The present figure was in the collection of Ruan Heng (1783-1859, zi Meishu, sobriquet Zhongjia, origin from Yizheng, Jiangsu province, between Nanjing and Yangzhou), who was the younger paternal cousin of the prominent literatary figure Ruan Yuan (1764-1849). His extensive literary works in various genres were published in Chuncaotang congshu [Collectanea from the Springtime Cottage], Zhuhucaotang shichao [Verse collection from the Pearl Lake Cottage], Zhuhucaotang biji [Notes from the Pearl Lake Cottage] and Yingzhou bitan [Notes from the Boat to the Fairy Isles]. He also edited an enormous 200-volume work on the study of Mencius, Qijing Mengzi kaowen bing buyi, as well as several anthologies of contemporary regional poets. Zhuhucaotang (Pearl Lake Cottage), a study and library located on the Ruan family estate (now within Yangzhou city) was probably of special importance to Ruan Heng, who owned a related seal and named his collection of works after the cottage. For more information on the cottage, see Yangzhou fu zhi [Gazeteer of Yangzhou Prefecture], vol. 31, p. 44.
The calf later entered the collection of a renowned Japanese scholar and painter from Kyoto, Tomioka Tessai (1837-1924), who named the present piece ‘Iron Ox’. Tessai’s love of the object is evident in his handscroll which comprises of a painting of the piece and an essay entitled Record of the Ancient Iron Ox. According to the essay, Tessai first saw the present piece “fifty years earlier” in the late 1860s in Kyoto, and he often reminisced about the encounter afterwards. He mentioned various owners before him, who greatly admired its rare elegance and treasured it despite its rustic appearance. The essay ends with one of his seals and his signature “Old Man Tessai, Hyakuren, at the age of 86,” suggesting that the handscroll can be dated to 1921.
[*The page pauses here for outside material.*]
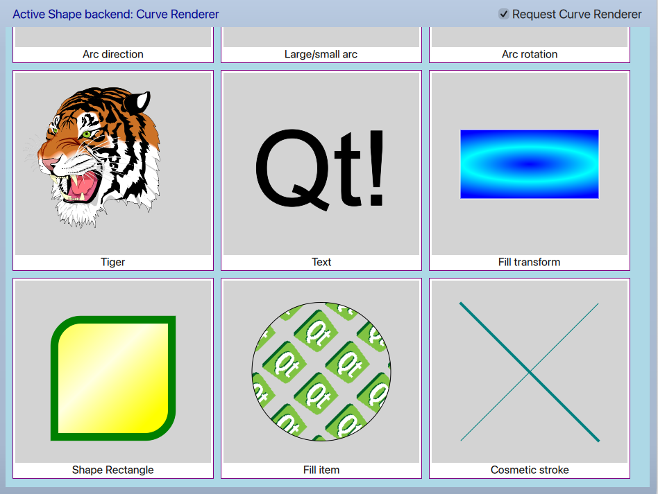 This example demonstrates the usage of the Shape type in Qt Quick. Shapes allow efficiently rendering stroked and filled lines, curves, and arcs in Qt Quick scenes.

Tomioka Tessai (originally named Hyakuren, zi Muken and sobriquet Yuken, later known as Tetsugai or Tetsu Dojin) was born and raised in Kyoto, where he also spent most of his adult life. Tessai received a literary education focusing on Kokugaku (national study), Buddhism, Confucianism, especially the school of Wang Yangming. In the 1860s, during the Meiji Restoration, he supported the transition from the shoganate to imperial rule. After the Restoration in 1868, in order to learn about local customs, geography and history, he travelled extensively throughout Japan and served as chief priest at various Shinto shrines. Tessai studied painting since the age of 19, but only became a painter after his return to Kyoto in 1881, at the age of 44. Regarded as the last great Japanese Nanga ‘Southern-style’ painter, Tessai demonstrated in his works a distinct individual style which hints at the Southern Song literary tradition, the influence of Ming and Qing scholarly paintings, as well as inspiration from nature. His paintings and calligraphy, treasured in Japan, are held in many museums, including the Tessai Museum in Takarazuka.